Menu Close

Comment Donald Trump et Vladimir Poutine dévoient le concept de vérité

La banalisation des discours qui s'affranchissent impunément de la réalité doit nous alerter. AFP

Qu’il y ait eu et qu’il y ait des petits et grands arrangements avec la vérité, rien de très nouveau sous le soleil de l’histoire. On peut en revanche questionner une certaine forme de démonétisation de la valeur de la vérité, caractéristique de ce qu’on nomme aujourd’hui le régime de la post-vérité et qui me semble révéler une crise de notre rapport à la réalité.

Tout se passe comme si les stratégies de mystification étaient devenues désormais des paroles publiques comme les autres, tout aussi légitimes que les vérités factuelles que les historiens et les journalistes s’attachent patiemment à établir.

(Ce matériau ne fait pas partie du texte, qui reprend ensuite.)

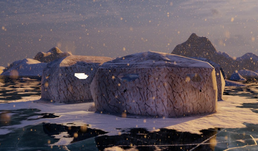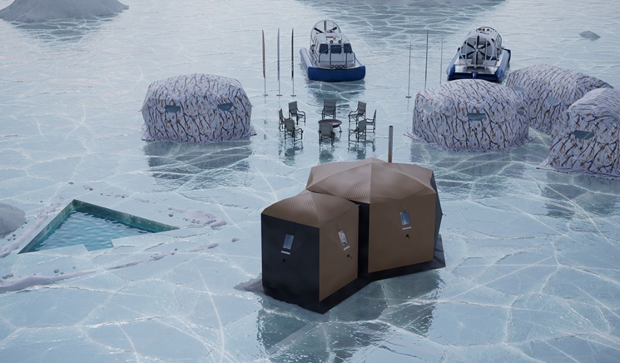 При проектировании кэмпа, мы сначала примеряли все на соответствие дизайну и той самой психологической философии, а уже следом оценивали это с практической точки зрения. Если сравнить рендеры, которые мы сделали на старте, с полученным результатом, то отличий практически не найти. Да, 90% работы в этом проекте — это погрузка-разгрузка, сборка-разборка, болты, гайки, веники и лопаты, но если не закладывать в его основу идею, то это будут просто палатки на льду.

Deux événements récents me semblent symptomatiques de cette crise du rapport à la réalité que traversent nos démocraties.

Le « Réseau Vérité »

Nous avons d’abord assisté au lancement du réseau social de Donald Trump, même s’il fut néanmoins éclipsé par l’accélération de la crise russo-ukrainienne. On s’en souvient, au lendemain de l’Assaut du Capitole par ses partisans, Donald Trump avait été exclu de Twitter « indéfiniment à cause du risque de nouvelles incitations à la violence ». Qu’à cela ne tienne, l’ex-Président américain avait annoncé qu’il allait créer son propre réseau, nommé tout à fait humblement, « Truth Social », qu’on peut traduire par « Réseau Vérité ». C’est désormais chose faite depuis fin février.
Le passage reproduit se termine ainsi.